# Vodka Derived From Dorset Milk



## bry1975 (Feb 6, 2004)

Have any of you southern chaps had the pleasure of tasting Black Cow Vodka dervied from Cow's milk?

Thanks in advance.

Bry


----------



## dowsing (Sep 21, 2006)

Not personally Bry but I hear it's very sMOOth


----------



## Mr Cracker (Nov 25, 2010)

Yes I tried it a few weeks ago, I had it as a shot straight up.....potent stuff.

I am sure if you had it with a mixer it would be nicer.

Dan.


----------



## marmisto (Jan 1, 2009)

Blimey, they sell it in our village shop, I'd better get a moo-ve on.

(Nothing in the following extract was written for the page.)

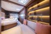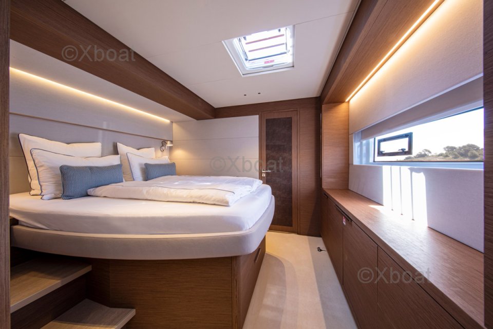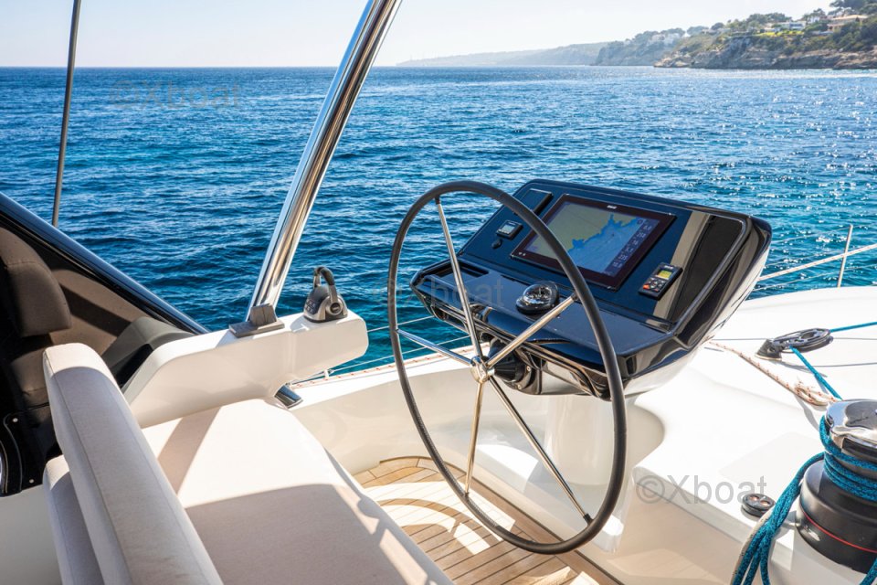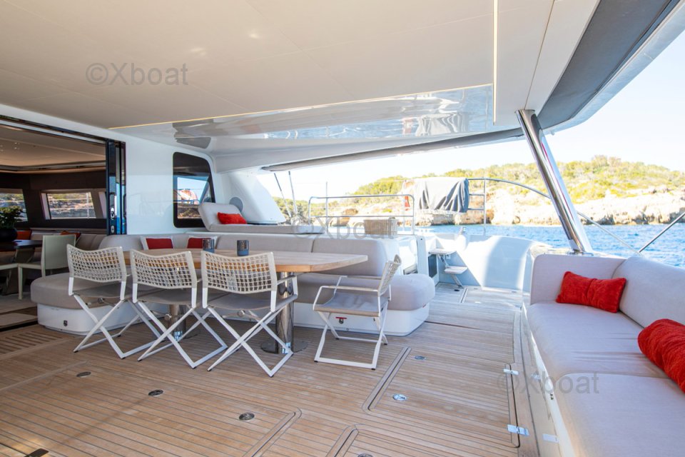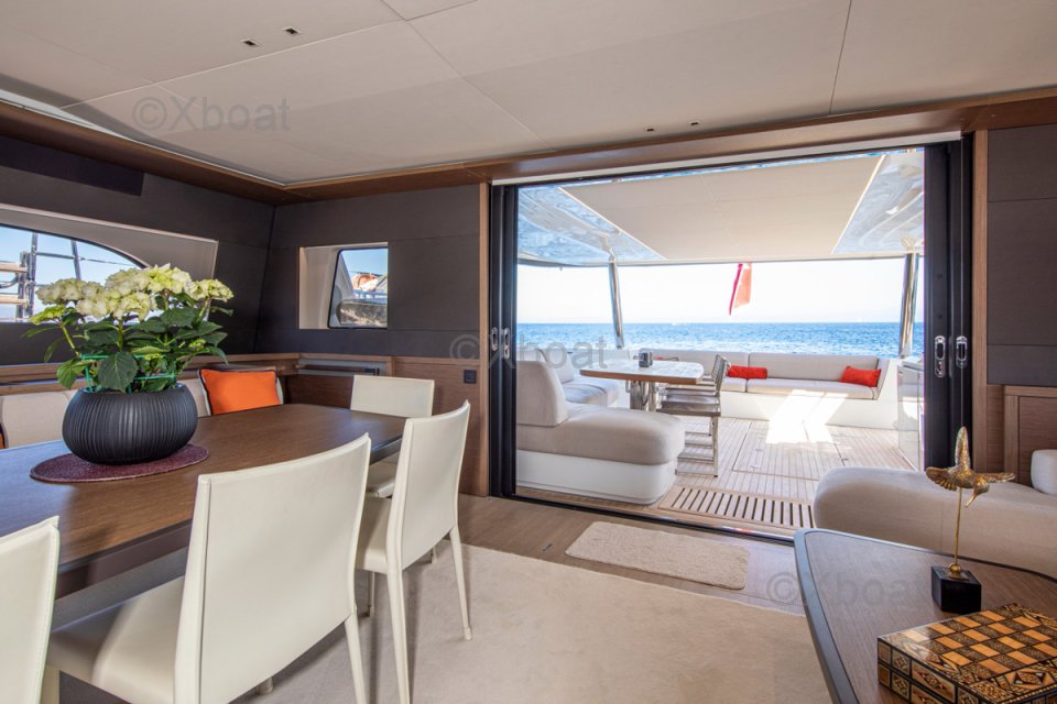 Son cockpit généreux, accessible par de larges jupes, offre une circulation fluide et un accès facile à la plateforme arrière, idéale pour les loisirs nautiques. Conçu par Nauta Design, son intérieur en bois Alpi est baigné de lumière naturelle grâce aux vastes baies vitrées et aux puits de lumière. Le carré panoramique propose un grand espace salon, une table à manger et un bar, tandis que la cuisine en coursive permet discrétion et efficacité.

Wonder if it's any good on All-Bran....


----------



## Roger the Dodger (Oct 5, 2009)

Bond definitely won't approve...... :lol: :lol: :lol: :lol:


----------



## bry1975 (Feb 6, 2004)

Gonna have to try it with me porridge..


----------



## BondandBigM (Apr 4, 2007)

Vodka from milk ??? New one on me but there was that bloke that got wine from water so you never know.

:lol: :lol:


----------



## pugster (Nov 22, 2004)

i can do wine from water its easy , add sugar and yeast and job done


----------